Some had wheels that turned, but these needed to be pushed or pulled. A few of the early 19th-century push toy trains were made of tinplate, like the large, durable, stylized locomotive toys in the U.S., which were painted red and gold and decorated with hearts and flowers. transmodeler se 5
Around 1875, technological advancements in materials and manufacturing allowed tin to be scraped, cut, wrapped, and lithographed faster than previously.
Toy trains were revolutionized when Märklina German company that specialized in doll house accessories, sought to make an equivalent toy for boys in which a continuous revenue stream could be ensured by selling add-on accessories for decades after the initial purchase. Along with boxed sets containing a train and monitor, Märklin offered additional track, rolling stock, and buildings offered separately, creating the predecessor to the modern model train layout featuring scenery and buildings in addition to an operating train.
Electric trains adopted, with the first appearing in 1897, made from the U.S. firm Carlisle & Finch. As residential use of power became more common from the early 20th century, electric trains gained popularity and as time moved on, these electrical trains grew in sophistication, gaining lighting, the ability to change management, to emit a whistling sound, to smoke, to couple and uncouple cars and even load and unload cargo. Toy trains by the first half of the 20th century were frequently made of lithographed tin; later trains were frequently made mainly of plastic.
Pull toys and wind-up trains were marketed towards kids, while electrical trains were marketed towards teens, especially teenaged boys. Consumer interest in trains as toys waned in the late 1950s, but has undergone resurgence since the late 1990s due in large part to the popularity of Thomas the Tank Engine.
Today, S gauge and O gauge railroads continue to be considered toy trains by their adherents and are often accessorized with semi-scale model buildings by Plasticville or even K-Line (who owns the rights to the Plasticville-like buildings produced by Marx in the 1950s into the 1970s).

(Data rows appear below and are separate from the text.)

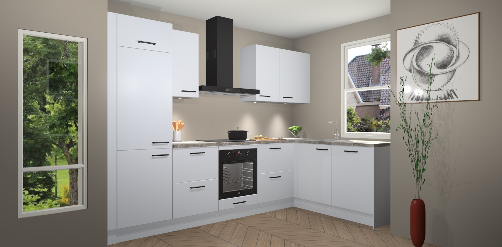 De Sneeuwwitte keuken Geneve is precies wat u nodig heeft als u op zoek bent naar modern design, versmolten met tijdloze schoonheid. De strakke afwerking voegt klasse toe terwijl het toch een uitnodigende sfeer behoudt; zeker om zowel gasten als uzelf te inspireren om in stijl te gaan koken! En nog beter, het zal uw budget niet breken - dus waarom wachten? Met de Sneeuwwitte keuken Geneve bent u verzekerd van kwaliteit zonder in te leveren op de prijs!
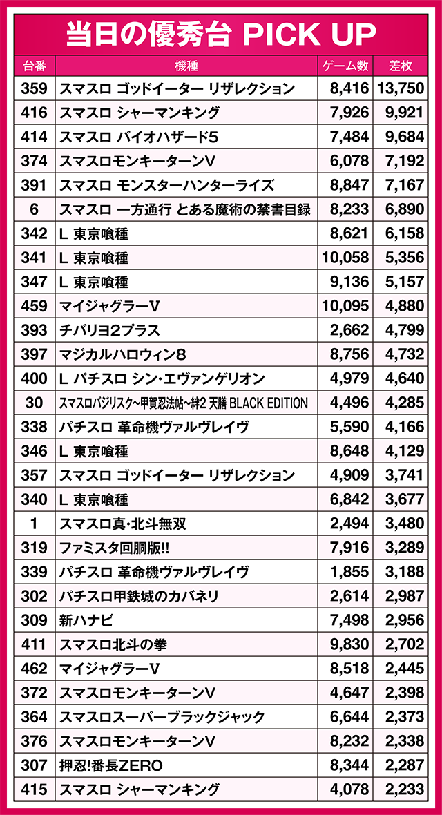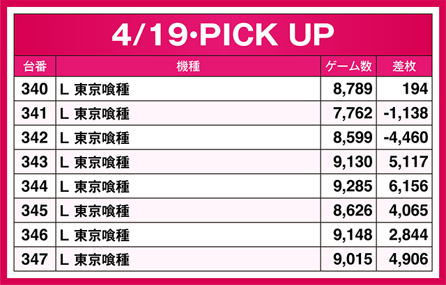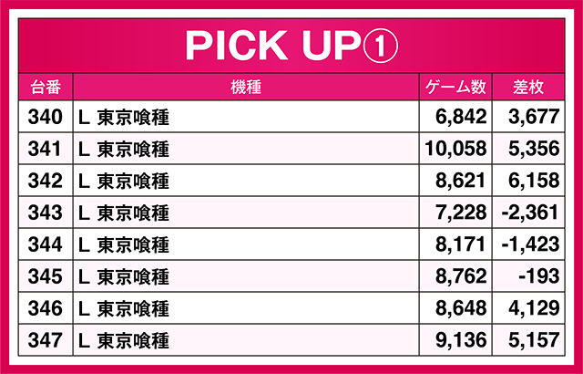 「L 東京喰種」では5台が3,600ptを超え、342番台は6,100ptオーバー!!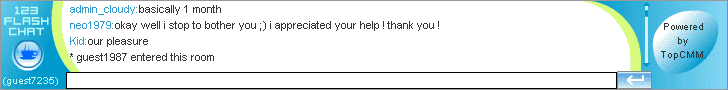 Have you ever thought of embedding a mini-chatroom to your webpage to establish connections between your business and visitors? TopCMM 123flashchat now presents the new solution, a chat module that can be used for Pocket PC or Banner Chat. It's small and neat, it looks like an animation but has full chat features(sending and receiving message in chat lobby, etc.), it can be put in any webpage( if necessary) of your site.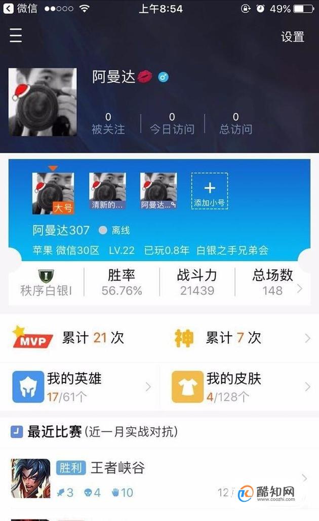 除了皮肤数量之外还能查看英雄数量以及个人的战绩胜率等信息。

However, due to their high price, one is more inclined to locate an HO scale or N scale train set in a toy shop than an O scale collection.
Many modern electric toy trains comprise sophisticated electronics which exude digitized sound effects and permit the operator to safely and easily run several remote control trains on one loop of track. In the last few years, many toy rail operators will operate a train with a TV camera in the front part of the motor and hooked up to a display, such as computer monitor. This will show a picture, like that of a genuine (smaller size) railroad.